What the task asks: Would you print the lines below exactly, beginning at the line that has "Побудуйте стіни.ідеальний розмір" and stopping after the line that has "Maximize storage space"? Only those lines, and no pictures.

Recorded data:
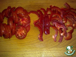 Почищенный сладкий перец нарезать полукольцами. Помидоры нарезать кружочками (если крупные, то еще пополам)
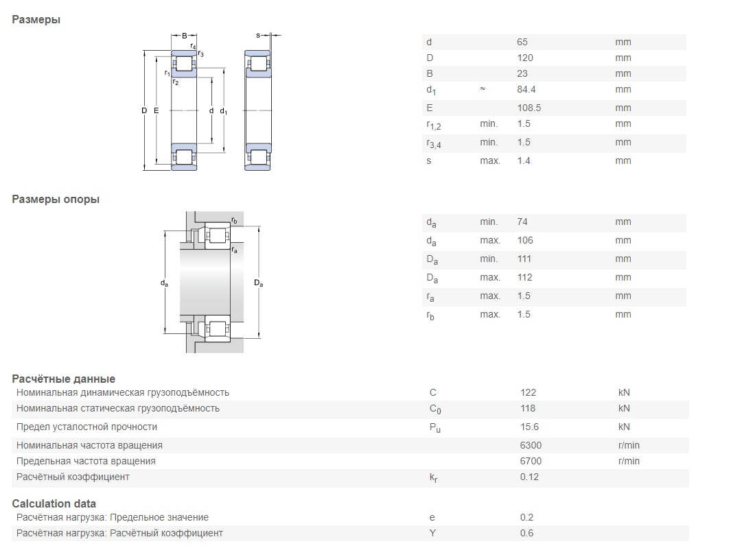 | Номинальная статическая грузоподъёмность | C0 | 118 kN |
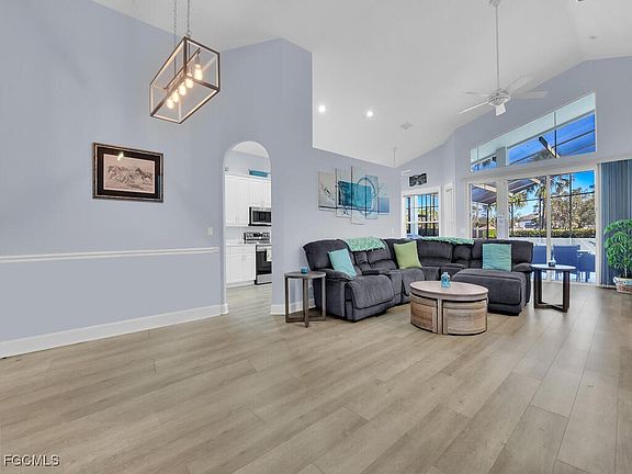 Elegant semi-custom 3-bedroom + den/office, 2-bath home overlooking the the first tee box of the award-winning Tom Fazio–designed golf course at The Club at Gateway with rear water view. This beautifully maintained residence features a roof replacement in 2024, cathedral ceilings, LVP flooring throughout, and a newly refreshed kitchen with quartz countertops, modern sink, and stainless steel appliances (2024). Enjoy renovated baths, a versatile den/office, and seamless indoor-outdoor living with a screened lanai, privacy screens (2024), and private pool with new filtration system (2024) and pump (2025). Additional upgrades include a hurricane-rated garage door (2024) and HVAC (2021). NO FLOOD INSURANCE required. Live the luxury golf lifestyle in one of Southwest Florida’s premier gated communities.
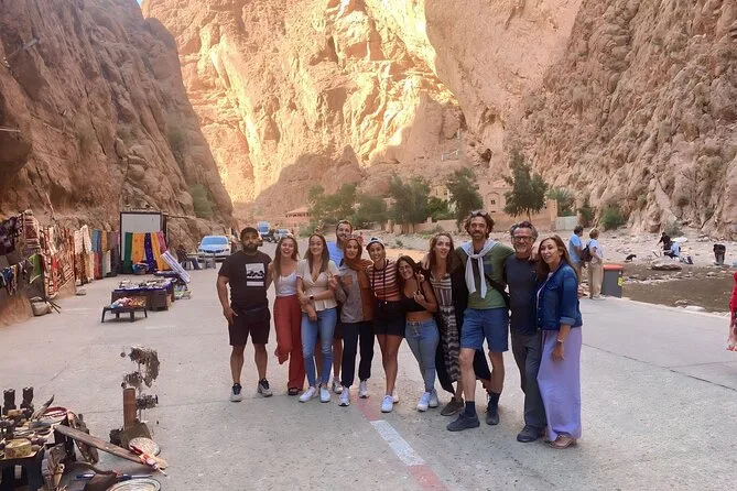 La mattina dopo è arrivata presto (di nuovo cammelli), poi una breve sosta a Rissani dove la guida locale ci ha raccontato dei mercati delle datteri e delle rotte delle carovane — probabilmente ho storpiato il suo nome quando ho provato a ringraziarlo in arabo. Abbiamo percorso quella che chiamano la Strada delle Mille Kasbah; alcune sembravano fuse nelle colline, altre avevano ancora bambini che salutavano dai tetti. Il pranzo è stato vicino al Gole di Todra — Fanta fredda, pollo alla griglia, polvere sulle scarpe — poi una passeggiata tra quelle pareti altissime dove ogni suono rimbalzava.
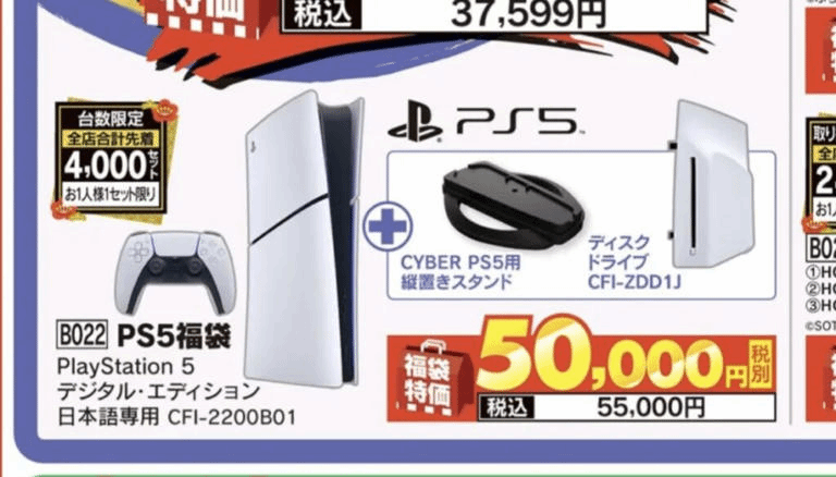 本次促销的核心主角,是2025年11月才在日本本土上市的新型PS5数字版(型号:CFI-2200B01)。这款被称为“日本专供版”的机型官方零售价为55,000日元(含税),而本次促销的关键亮点就在于“加价不加价送核心配件”。
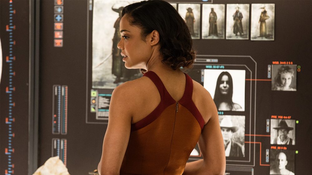 Her bulduğumuz fırsatta incelemede Anthony Hopkins övgüleri yapıyoruz ancak dizinin etkileyici oyuncu kadrosunda övgüye değer pek çok isim var. Bunlardan biri sekiz bölümdür karakterini ince ince işleyen Thandie Newton. Maeve’i canlandıran Newton da kelimelerden çok bakışlarıyla oynayanlardan. Bir Hopkins değil belki ama geçmişte karakteri anlamamıza oldukça yardımcı oldu diyebiliriz. Newton bu bölüm de yine yüzüyle oynamaya devam ediyor.
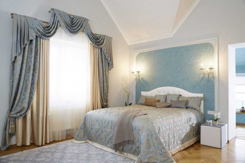Обстановку дополнят настенные бра, торшер, люстра. У изножья можно разместить небольшую, но изящную банкетку. На окна обязательно вешают красивые шторы, а кровать застилают богатым покрывалом. Ковёр на полу станет завершающим штрихом.
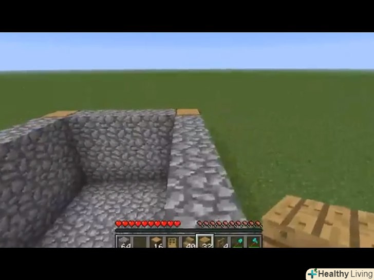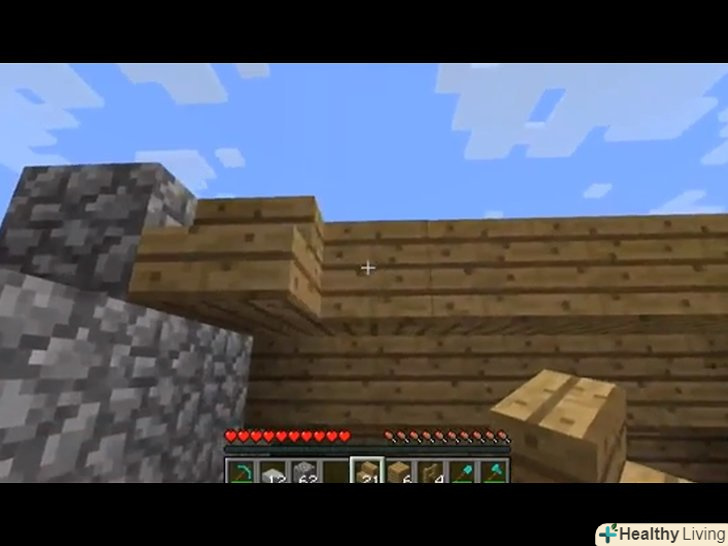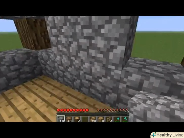 Побудуйте стіни.ідеальний розмір для будинку, це 7 на 7 блоків, так як ви можете поставити двері в середині. Рекомендована висота будинку, це 4 блоки.
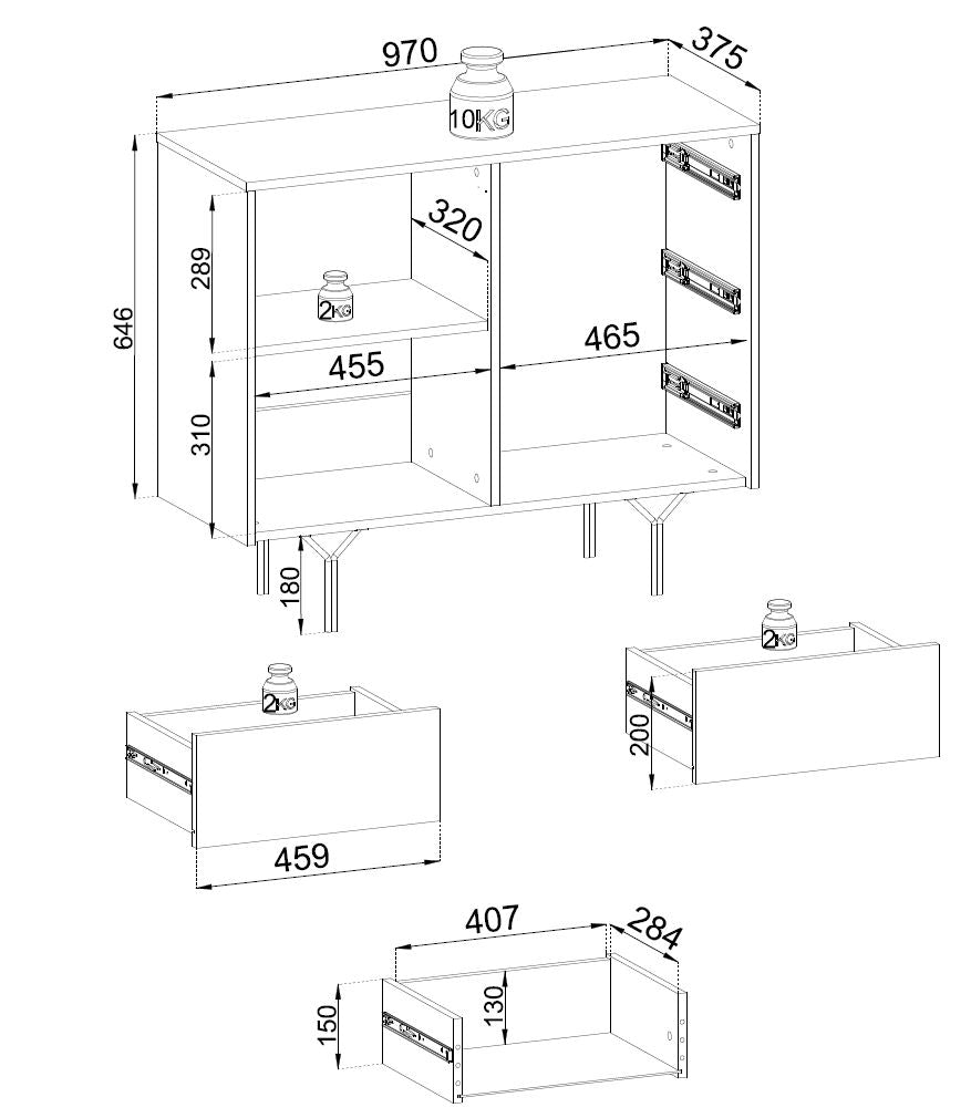 Maximize storage space with the Raven KSZ-97 Dresser. This elegant and sleek piece features 1 door and 3 drawers, providing ample room for all your living room essentials. Its smaller size makes it perfect for any space, while the black color adds a touch of sophistication. Upgrade your storage game today.
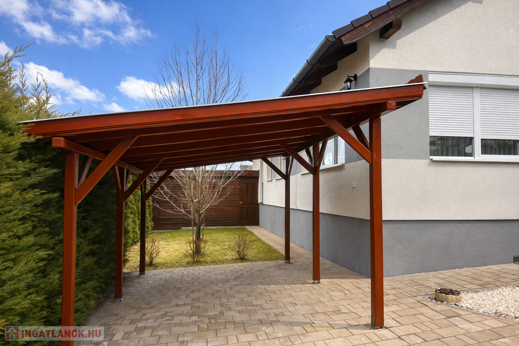 A bejárat egy 9,2m² teraszról nyílik,2 db melléképület található az ingatlan két oldalán,melyek közül a kisebbikben kézmosó és WC került kiépítésre. A nagyobb melléképület inkább tárolóként funkcionál. A ház déli -keleti és nyugati oldalakról nagy méretű redőnyös szúnyoghálós Aereco szellőztető rendszeres ablakokkal biztosítja a kellemes világos tereket. Riasztó berendezés, kaputelefon, szellőztető és öntöző rendszer teszik még komfortosabbá. Az ingatlan két oldalán könnyen karbantartható gondozott parkosított kert található,a környék csendes barátságos,a főváros 15 perc alatt elérhető kényelmesen.
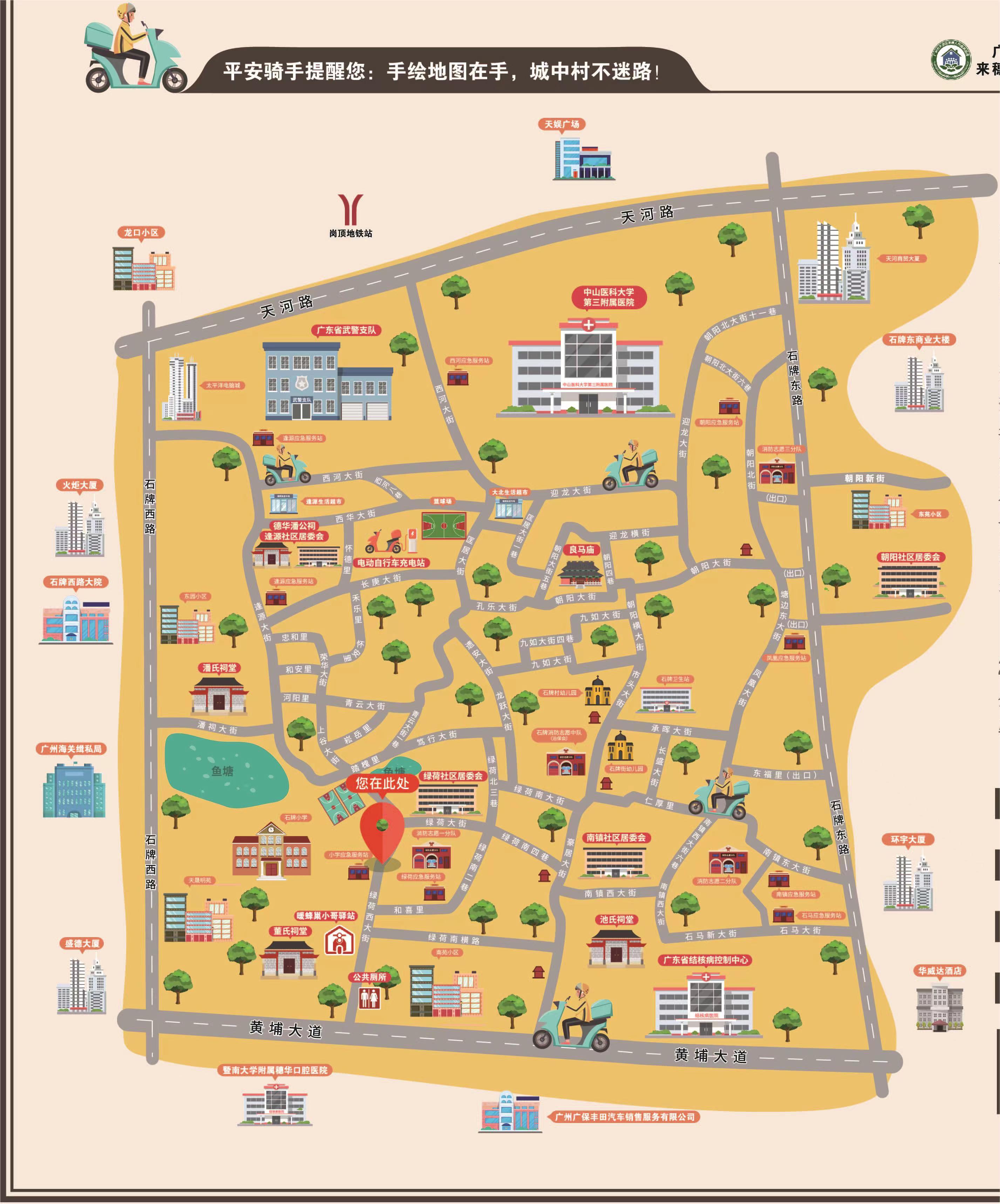 记者从天河区石牌街获悉,针对石牌村内房屋建筑密度大,村道巷曲交织如蛛网,道路辨识有难度的问题,在天河区来穗人员服务管理局和石牌街道办事处的支持和指导下,石牌街道综合保障中心联动广州市广仁来穗人员服务中心、社区党支部、外卖快递企业党支部等,聚焦于“城中村易迷路”的问题,动员唐泽权、赵其武等石牌“平安骑手”来穗志愿力量,积极参与“城中村不迷路”活动,历时9个月制作了首张“石牌村手绘地图”。
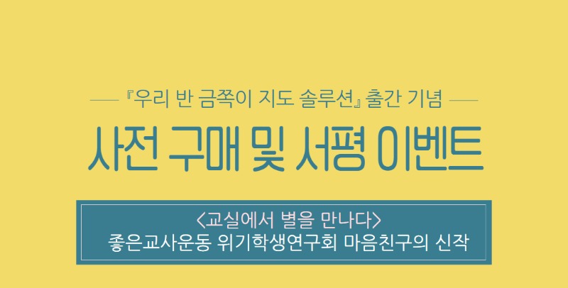 마음처럼 되지 않는 아이들의 돌발 행동 앞에 막막하셨을 선생님을 위해, 긍정적 행동지원(PBS)의 원리를 교실에 그대로 옮겨온 <우리 반 금쪽이 지도 솔루션>을 선보입니다. 출간 기념으로 진행되는 선착순 100명 한정 사전 구매 이벤트 및 서평 이벤트를 통해 특별한 혜택과 함께 가장 먼저 만나보시기 바랍니다.

Response:
 Побудуйте стіни.ідеальний розмір для будинку, це 7 на 7 блоків, так як ви можете поставити двері в середині. Рекомендована висота будинку, це 4 блоки.
 Maximize storage space with the Raven KSZ-97 Dresser. This elegant and sleek piece features 1 door and 3 drawers, providing ample room for all your living room essentials. Its smaller size makes it perfect for any space, while the black color adds a touch of sophistication. Upgrade your storage game today.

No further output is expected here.